栗山巧の武器、球界屈指の選球眼を生んだ“1年左縛り”とは? ともに24年目を戦う盟友へ変わらぬ思いも明かす
歴代16位の通算1051四球と屈指の選球眼を誇る栗山。プロ2年目、恩師と取り組んだ試みがその出発点だった 【撮影:スリーライト】
好評連載中の栗山巧 独占手記「生涯つらぬく志」第4回は、「プロ生活スタートの思い出」。“打撃の求道者・栗山巧”を築き上げた礎、そして同期入団・中村剛也との出会いなど、プロ野球人生の原点を回想する。
1年目の入寮…持ち物は「内野手用グラブ」
もう23年も前になりますが、僕にもそういう時期がありました。
高校時代も自宅から通っていたので、実家を出て暮らすこと自体が初めてでした。寮で暮らすというのもイメージがわかなくて。「電子レンジは持ち込めますか」と球団の方に聞いて、苦笑いされたのを覚えています。
「部屋には置けないので、食堂にある共用のものを使ってください」と。そりゃそうですよね。各部屋で一斉に電子レンジを使ったりしたら大変、と今ならわかるんですが……。
当時は本当に、右も左もわからなかった。
◇
実際に初めて寮に行った時のことはよく覚えています。玄関にドン、と大きく、球団旗が掲げられていた。ああ、本当に入団したんだな、と実感しました。
そこから食堂や自室などを順番に案内されていったんですが、そのへんはあまり覚えてないです。部屋のカーペットが青くて、こういうところまでライオンズブルーなんやな、と思ったくらいで。
そのあとに受けたショックが、あまりにも大きかったんですよね。自室の直後にお風呂に案内されたんですが、ロッカールームを通った先にあったんですよ。
……このショック、わかりますかね(笑)?
部屋からお風呂に行くのに、みんなが集まる公共の場であるロッカールームを通らないといけない。これが当時の僕にとっては衝撃でした。
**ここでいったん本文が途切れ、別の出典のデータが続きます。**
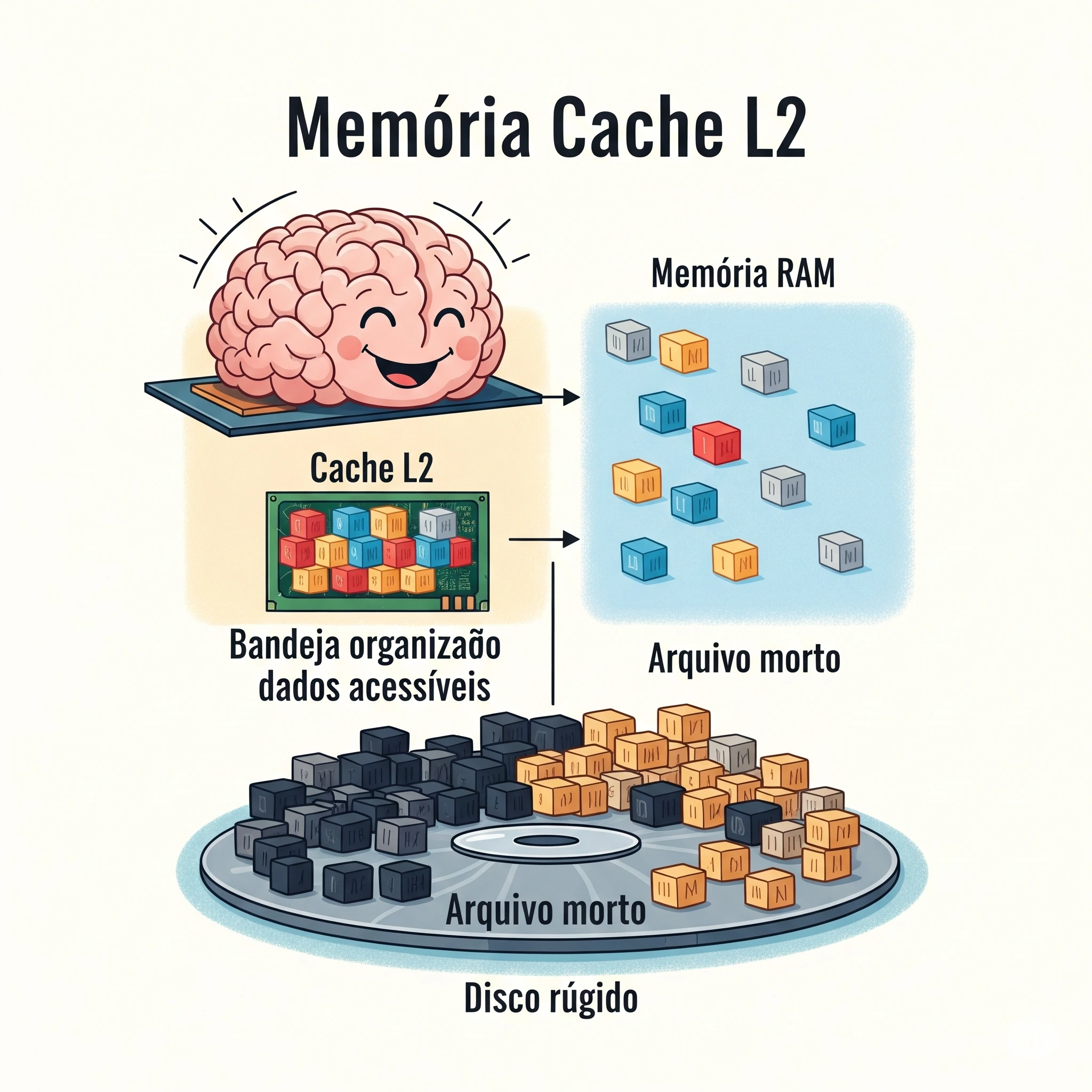 • Pense no L1 como um chef pessoal que já tem na mão os ingredientes que o cozinheiro (Processador) vai usar neste exato segundo. Ele é tão rápido que a informação chega quase que instantaneamente.

練習が終わって、ようやくひとりでゆっくりできるタイミングがお風呂だろう、と思っていたんですよね。そこすらプライベートではないのか……と。
自室に電子レンジがあって当然と思い込むくらい、僕は「プライベートは確保されて当たり前」と考えていた。だから一瞬にして、気持ちが沈んだのを覚えています。
早く寮を出るためにも、活躍しないと。あらためて強く、そう思いました。
◇
レンジやお風呂のことがなかったとしても、当時の僕は「3年で活躍できなかったら実家に帰ろう」と考えていました。
大学進学を考えなかったのも「プロになるまで4年」というのが自分には長すぎて、頑張り続けられる自信が持てなかったからでした。社会人の3年間すらキツイな、と当時は思っていた。結局のところ、24年も頑張っているわけですが(笑)。
いずれにしても、そんな僕の目論見は当然打ち砕かれます。その予兆は、入寮時の「持ち物」の中にありました。
「内野手用のグラブを持ってくるように」。担当のスカウトさんの指示に、僕は深く考えずに従いました。中学、高校と外野手しかやっていなかったので、内野手用を新しく買って持って行った。
プロ1年目。僕はずっと、そのグラブだけを使い続けることになりました。